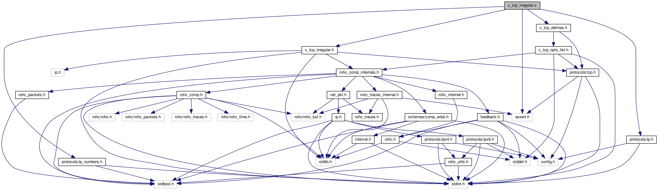 | int | tcp_code_irreg_chain (struct rohc_comp_ctxt *const context, const struct ip_packet *const ip, const uint8_t ip_inner_ecn, const struct tcphdr *const tcp, uint8_t *const rohc_pkt, const size_t rohc_pkt_max_len) |
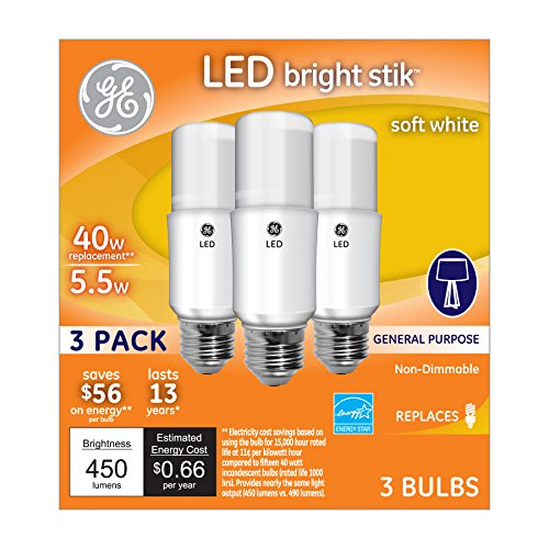 GE Lighting 63551 LED Brightstik 5.5-watt (40-watt Replacement), 450-Lumen Light Bulb with Medium Base, Soft White, 3-Pack
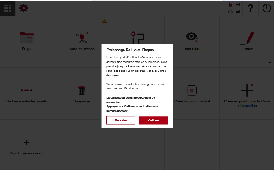 Cuando se activan las calibraciones en campo, los usuarios pueden decidir posponer la calibración 30 minutos o continuar. Nota: en caso de posposición, la herramienta se calibrará automáticamente después de 30 minutos sin posibilidad de una nueva posposición.
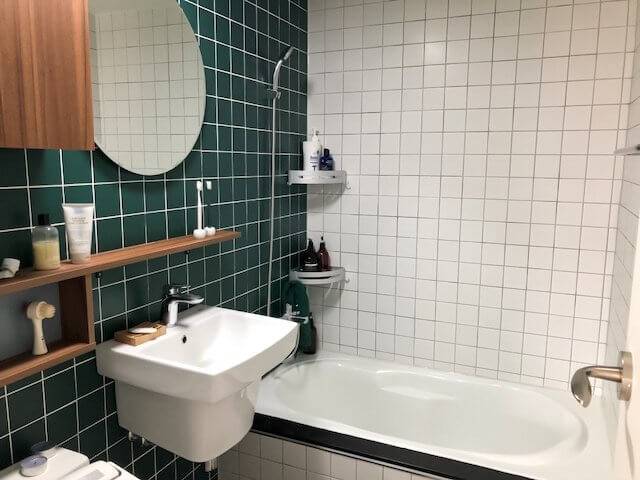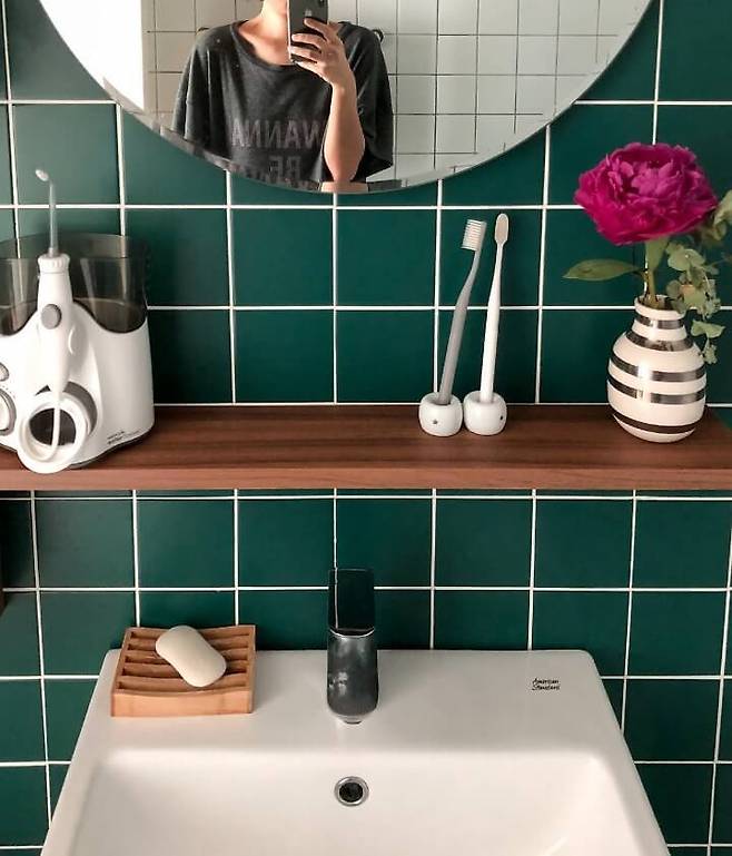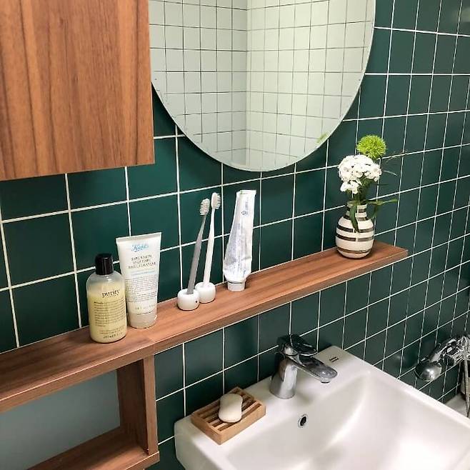 앞서 보여드린 화장실은 핑크색으로 여성스럽게 꾸몄다면, 이 화장실은 청록색 타일과 우드의 조합으로 스타일리시하게 꾸몄어요.
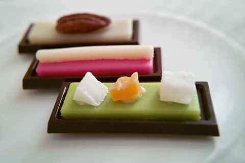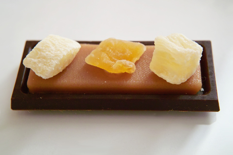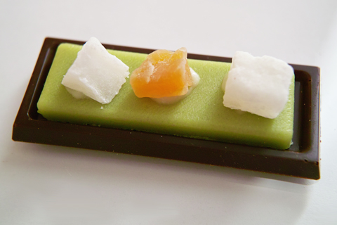 トッピングはドライフルーツです。白いのはココナッツ、真ん中の黄色はマンゴーですね。緑のマジパンからは杏仁の香りがします。トッピングとマジパンのいろんな味をチョコレートのしっかりした苦味がまとめています。

☆ ☆ ☆ ☆

The copy should match each line above exactly and contain no images.

 | int | tcp_code_irreg_chain (struct rohc_comp_ctxt *const context, const struct ip_packet *const ip, const uint8_t ip_inner_ecn, const struct tcphdr *const tcp, uint8_t *const rohc_pkt, const size_t rohc_pkt_max_len) |
 GE Lighting 63551 LED Brightstik 5.5-watt (40-watt Replacement), 450-Lumen Light Bulb with Medium Base, Soft White, 3-Pack
 Cuando se activan las calibraciones en campo, los usuarios pueden decidir posponer la calibración 30 minutos o continuar. Nota: en caso de posposición, la herramienta se calibrará automáticamente después de 30 minutos sin posibilidad de una nueva posposición.
 앞서 보여드린 화장실은 핑크색으로 여성스럽게 꾸몄다면, 이 화장실은 청록색 타일과 우드의 조합으로 스타일리시하게 꾸몄어요.
 トッピングはドライフルーツです。白いのはココナッツ、真ん中の黄色はマンゴーですね。緑のマジパンからは杏仁の香りがします。トッピングとマジパンのいろんな味をチョコレートのしっかりした苦味がまとめています。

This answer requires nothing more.